Sehnsucht

Deutschland 2006 · 85 min. · FSK: ab 12
Regie: Valeska Grisebach
Drehbuch:
Kamera: Bernhard Keller
Darsteller: Andreas Müller, Ilka Welz, Anett Dornbusch, Erika Lemke u.a.

Die Fallen des Lebens

Ein Lob des Unbe­ha­gens

Ein einfache Geschichte. Ein Mann und eine Frau in einem bran­den­burger Dorf. Vater, Mutter, Kind, Fami­li­en­glück, fast ein Krip­pen­spiel. Unschuld zwischen Einbauküche und frei­wil­liger Feuerwehr, ein eher enges Klein­bür­ger­da­sein. Dann gibt es noch eine Frau. Ein Blick zuviel, Ehebruch, Schuld­ge­fühle, er kann sich nicht entscheiden, alles kommt raus und er will sich erschießen – so einfach ist das.

So einfach? Die Einfach­heit, die vermeint­liche vor allem, ist in Valeska Grise­bachs zweitem Film (Sie debü­tierte mit Mein Stern) auch ein Versteck. Es gibt gleich mehrere Fallen, in die hinein­zu­tappen einen Sehnsucht verleitet. Die größte ist die Falle der Banalität und des Realismus. Grisebach hat mit Laien gear­beitet, und ihre Figuren sind nach herkömm­li­chen Maßstäben nicht schön und schon gar nicht glamourös. Zudem reden sie daher, wie ihnen auf dem Land der Schnabel gewachsen ist, nicht in ganzen Sätzen, wie sie akade­misch geschulte Dreh­buch­au­toren gern aufschreiben, sondern in kurzen Satz­bruch­s­tü­cken – wenn sie denn überhaupt reden, denn meist sind Grise­bachs Figuren maulfaul und stur und spröde.

Die implizite Behaup­tung, dass das darum aber alles »ganz realis­tisch« sei und dass »normale« oder »einfache« Menschen »so sind«, die großen Gefühle jedermann, nicht nur Schöne und Reiche, berühren können, und ihr Recht auch ohne große Insze­nie­rung brauchen, ist die erste Falle, die der Film bereit­hält. Denn das ist eine Selbst­ver­s­tänd­lich­keit, die, zuende gedacht, nur darüber hinweg täuscht, dass die ober­fläch­liche Schlicht­heit hier auf sehr genau kalku­lierter Reduktion beruht, dass sie von Grisebach mit viel Sorgfalt herge­stellt ist. Manche Dialoge sind so künstlich wie es sich für Kunst gehört. Ihre Laien hat sie gecastet wie andere Regis­seure auch, nur dass sie nicht zwischen 200 Kartei­karten der Schau­spiel­agen­turen entschied, sondern 200 Menschen auf der Straße ansprach.
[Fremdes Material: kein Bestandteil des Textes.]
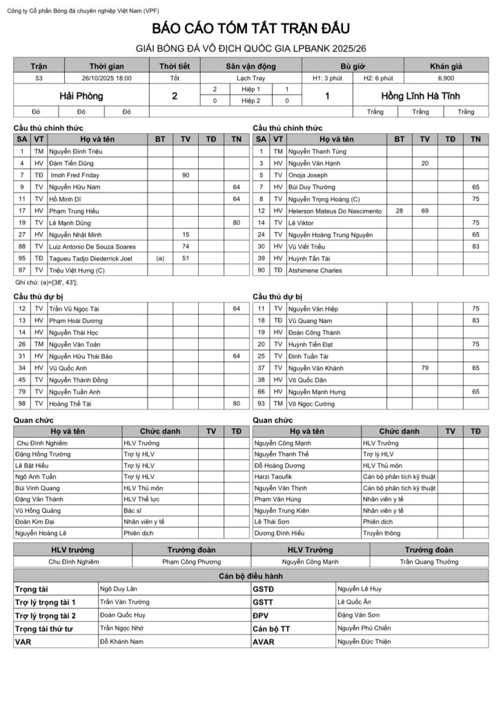 Báo cáo trận đấu CLB Hải Phòng vs CLB Hồng Lĩnh Hà Tĩnh (vòng 8 VĐQG LPBank 2025/26)

Ruhig und episch ist auch der Ton der Kamera. Die 1968 geborene Regis­seurin ist spätes­tens, nachdem Sehnsucht im Berlinale-Wett­be­werb lief und zumindest bei der auslän­di­schen Presse gefeiert wurde, einer der Stars der »Berliner Schule«, jener losen Gruppe junger deutscher Filme­ma­cher, die in der Haupt­stadt versuchen, ein Kino mit strengen Kunst­an­spruch jenseits der üblichen Konven­tionen zu machen und die sich nicht den Zwängen des Unter­hal­tungs­kinos oder des Fern­se­hens unter­werfen. Bei allen Unter­schieden im Detail eint diese Regis­seure eine Kamera, die nie forciert, die ganz genau beob­achtet, die in einem Raum, auf einer Figur verharrt und der Verzicht auf ein Erzählen über das Stil­mittel des Film­schnitts.

Daran, dass die Bilder hier einen anderen Platz einnehmen, muss man sich erst wieder gewöhnen. Doch wenn man ein wenig »hinein­ge­kommen« ist, kann man ein ganz anderes Hingucken lernen. Ein wenig aller­dings verrät die Regis­seurin ihren Ansatz am Ende selbst, als ob sie ihrem Film und sich selbst dann doch nicht traut. Da gibt es nämlich eine Szene, in der, nachdem alles Drama­ti­sche geschehen ist, kleine Kinder für die Zuschauer zusam­men­fassen, wie es dann weiter­geht. Das ist schön, lustig, neckisch und ein völliger Bruch mit dem Vorhe­rigen. Wer Sehnsucht einmal im voll­be­setzten Kino gesehen hat, konnte erleben, wie die Anspan­nung der Zuschauer, ihr Unbehagen, sich in diesem Moment auflöst in Wohl­ge­fallen. Nun ist die Welt doch wieder in Ordnung, nun können sie den Film, der mit sämt­li­chen Verläss­lich­keiten ihres Koor­di­na­ten­sys­tems aufräumt, wieder einordnen und den Film vergessen. Aber um die vorherige Anspan­nung und das Unbehagen müsste es gerade gehen. Diese Szene ist ein trauriger Fehler, nichts anderes.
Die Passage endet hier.